● **DATA FOR ANALYSIS**

--

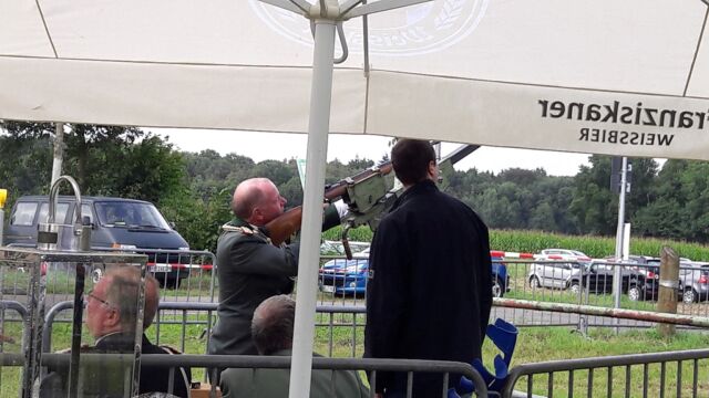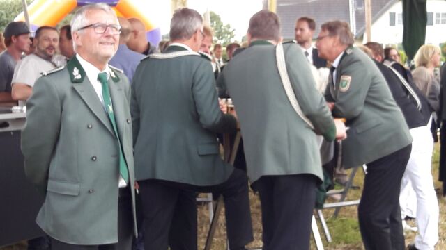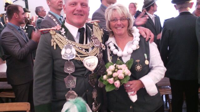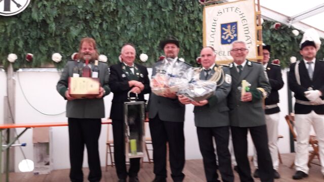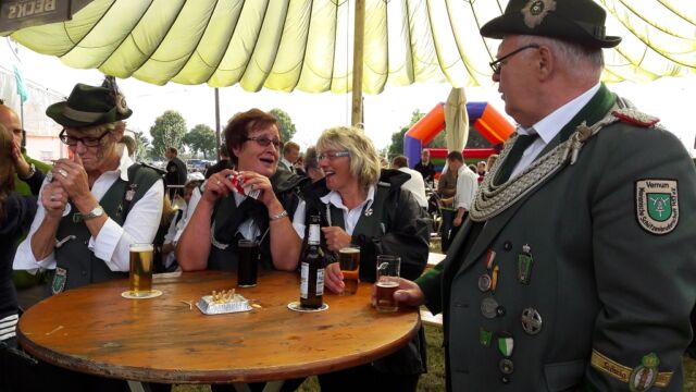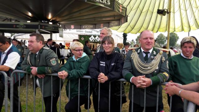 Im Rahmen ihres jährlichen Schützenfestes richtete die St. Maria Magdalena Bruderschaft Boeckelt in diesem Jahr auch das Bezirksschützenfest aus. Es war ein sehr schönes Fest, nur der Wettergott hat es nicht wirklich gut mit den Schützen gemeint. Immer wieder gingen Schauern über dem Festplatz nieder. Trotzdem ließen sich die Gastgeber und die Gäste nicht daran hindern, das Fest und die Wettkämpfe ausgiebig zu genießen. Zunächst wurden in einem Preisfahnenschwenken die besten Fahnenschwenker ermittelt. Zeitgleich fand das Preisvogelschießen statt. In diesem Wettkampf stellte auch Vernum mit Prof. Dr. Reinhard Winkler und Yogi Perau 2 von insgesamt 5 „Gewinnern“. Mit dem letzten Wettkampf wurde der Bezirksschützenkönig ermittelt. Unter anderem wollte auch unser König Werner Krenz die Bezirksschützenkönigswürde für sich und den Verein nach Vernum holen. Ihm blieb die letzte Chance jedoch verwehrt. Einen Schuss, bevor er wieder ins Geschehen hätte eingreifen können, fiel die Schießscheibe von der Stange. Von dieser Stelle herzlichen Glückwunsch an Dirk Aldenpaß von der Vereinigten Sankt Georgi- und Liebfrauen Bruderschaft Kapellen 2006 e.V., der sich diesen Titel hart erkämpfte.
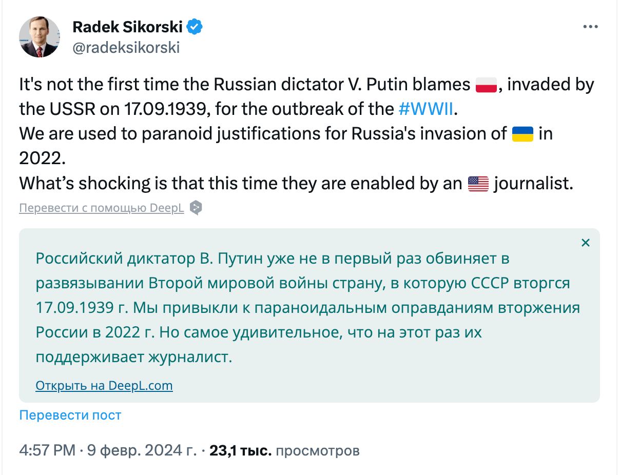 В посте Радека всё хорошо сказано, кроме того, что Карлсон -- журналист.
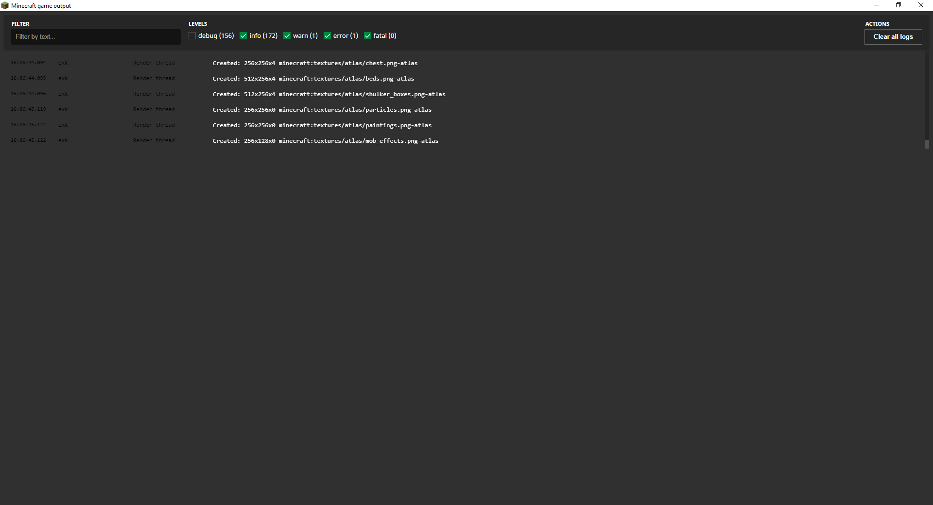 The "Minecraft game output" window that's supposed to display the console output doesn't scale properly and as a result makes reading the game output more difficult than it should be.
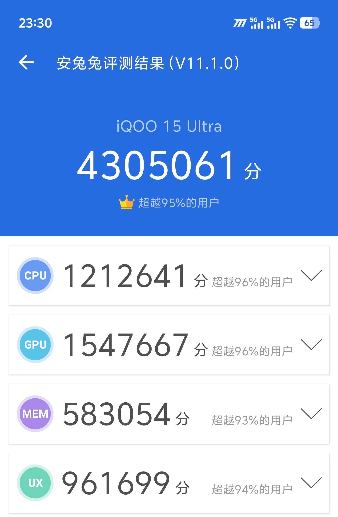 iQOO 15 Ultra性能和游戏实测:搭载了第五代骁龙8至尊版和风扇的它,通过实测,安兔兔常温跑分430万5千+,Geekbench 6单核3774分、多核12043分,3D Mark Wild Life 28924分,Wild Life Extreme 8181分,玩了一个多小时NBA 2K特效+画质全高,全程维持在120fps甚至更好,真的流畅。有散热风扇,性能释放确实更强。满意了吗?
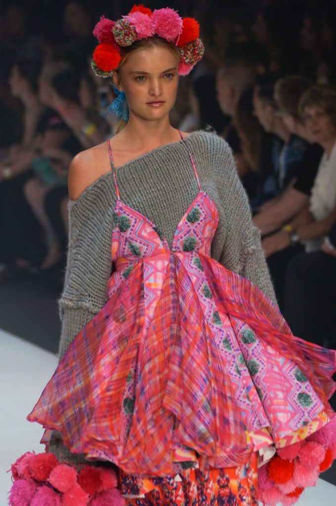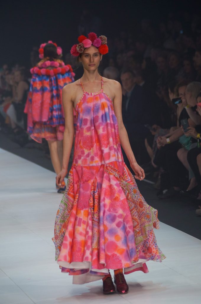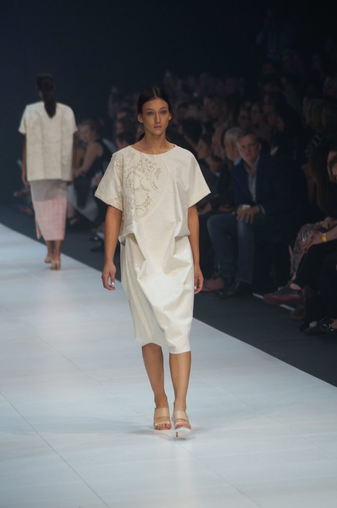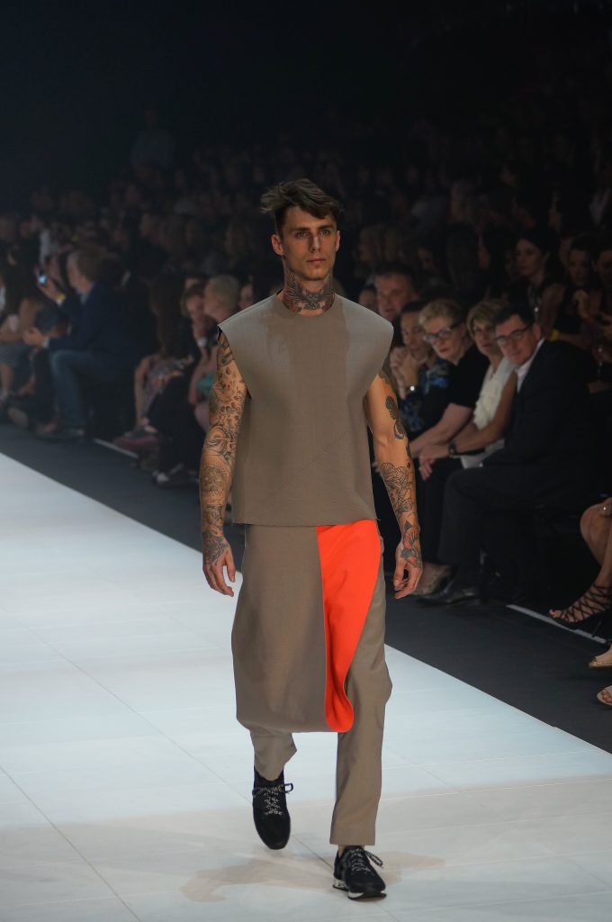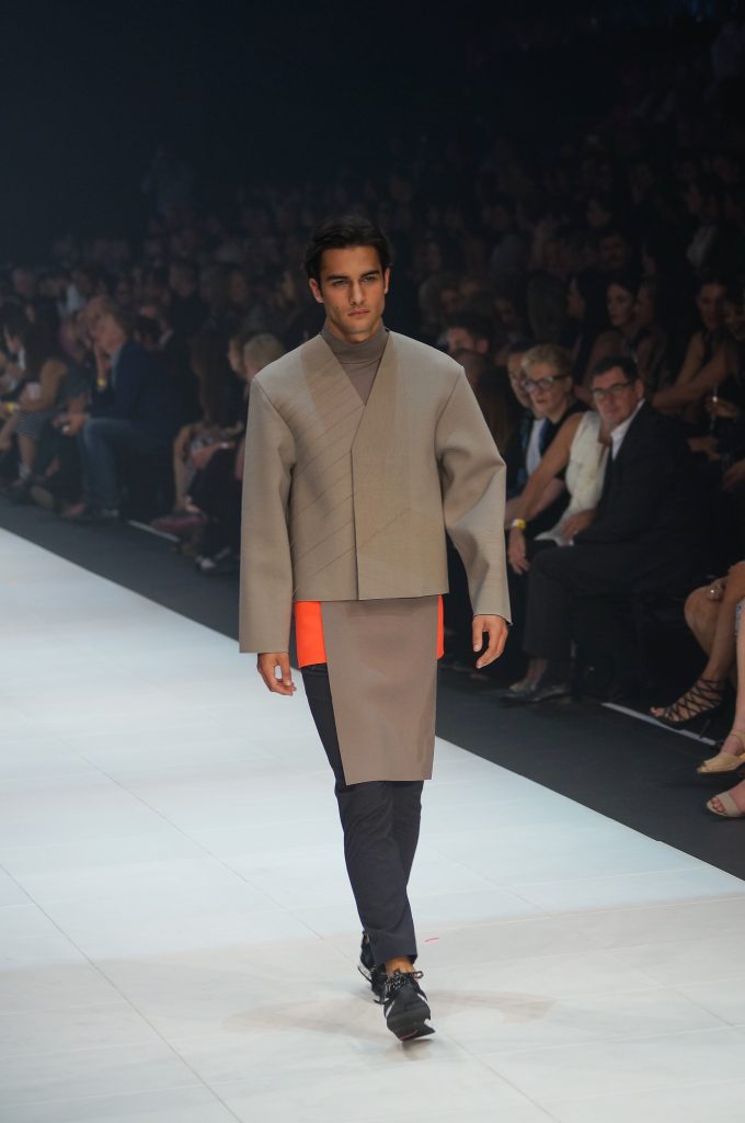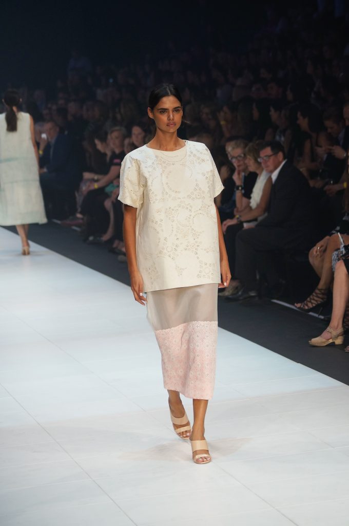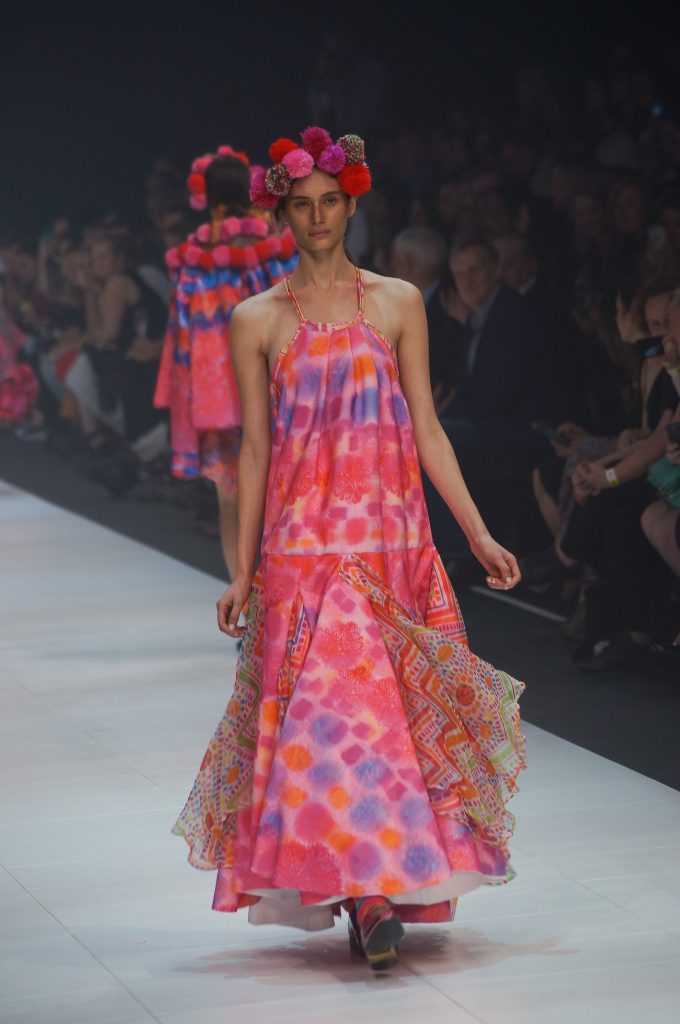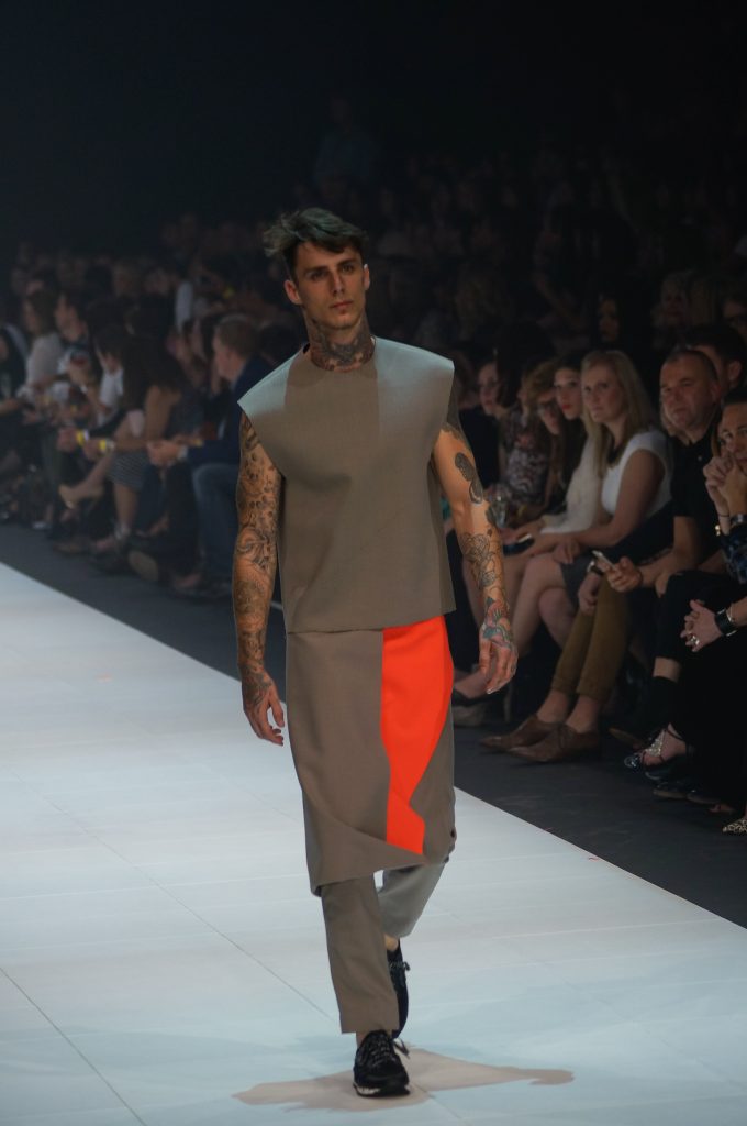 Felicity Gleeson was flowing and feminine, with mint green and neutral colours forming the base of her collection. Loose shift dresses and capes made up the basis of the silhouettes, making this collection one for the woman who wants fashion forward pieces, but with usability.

--

● **PROBLEM TO WORK ON**
Exactly as they appear, please return only the lines from the first line of the records through the line containing "6单核3774分、多核12043分,3D Mark Wild", both included, leaving out all pictures.

● **SOLUTION TO THE EXERCISE**
 Im Rahmen ihres jährlichen Schützenfestes richtete die St. Maria Magdalena Bruderschaft Boeckelt in diesem Jahr auch das Bezirksschützenfest aus. Es war ein sehr schönes Fest, nur der Wettergott hat es nicht wirklich gut mit den Schützen gemeint. Immer wieder gingen Schauern über dem Festplatz nieder. Trotzdem ließen sich die Gastgeber und die Gäste nicht daran hindern, das Fest und die Wettkämpfe ausgiebig zu genießen. Zunächst wurden in einem Preisfahnenschwenken die besten Fahnenschwenker ermittelt. Zeitgleich fand das Preisvogelschießen statt. In diesem Wettkampf stellte auch Vernum mit Prof. Dr. Reinhard Winkler und Yogi Perau 2 von insgesamt 5 „Gewinnern“. Mit dem letzten Wettkampf wurde der Bezirksschützenkönig ermittelt. Unter anderem wollte auch unser König Werner Krenz die Bezirksschützenkönigswürde für sich und den Verein nach Vernum holen. Ihm blieb die letzte Chance jedoch verwehrt. Einen Schuss, bevor er wieder ins Geschehen hätte eingreifen können, fiel die Schießscheibe von der Stange. Von dieser Stelle herzlichen Glückwunsch an Dirk Aldenpaß von der Vereinigten Sankt Georgi- und Liebfrauen Bruderschaft Kapellen 2006 e.V., der sich diesen Titel hart erkämpfte.
 В посте Радека всё хорошо сказано, кроме того, что Карлсон -- журналист.
 The "Minecraft game output" window that's supposed to display the console output doesn't scale properly and as a result makes reading the game output more difficult than it should be.
 iQOO 15 Ultra性能和游戏实测:搭载了第五代骁龙8至尊版和风扇的它,通过实测,安兔兔常温跑分430万5千+,Geekbench 6单核3774分、多核12043分,3D Mark Wild Life 28924分,Wild Life Extreme 8181分,玩了一个多小时NBA 2K特效+画质全高,全程维持在120fps甚至更好,真的流畅。有散热风扇,性能释放确实更强。满意了吗?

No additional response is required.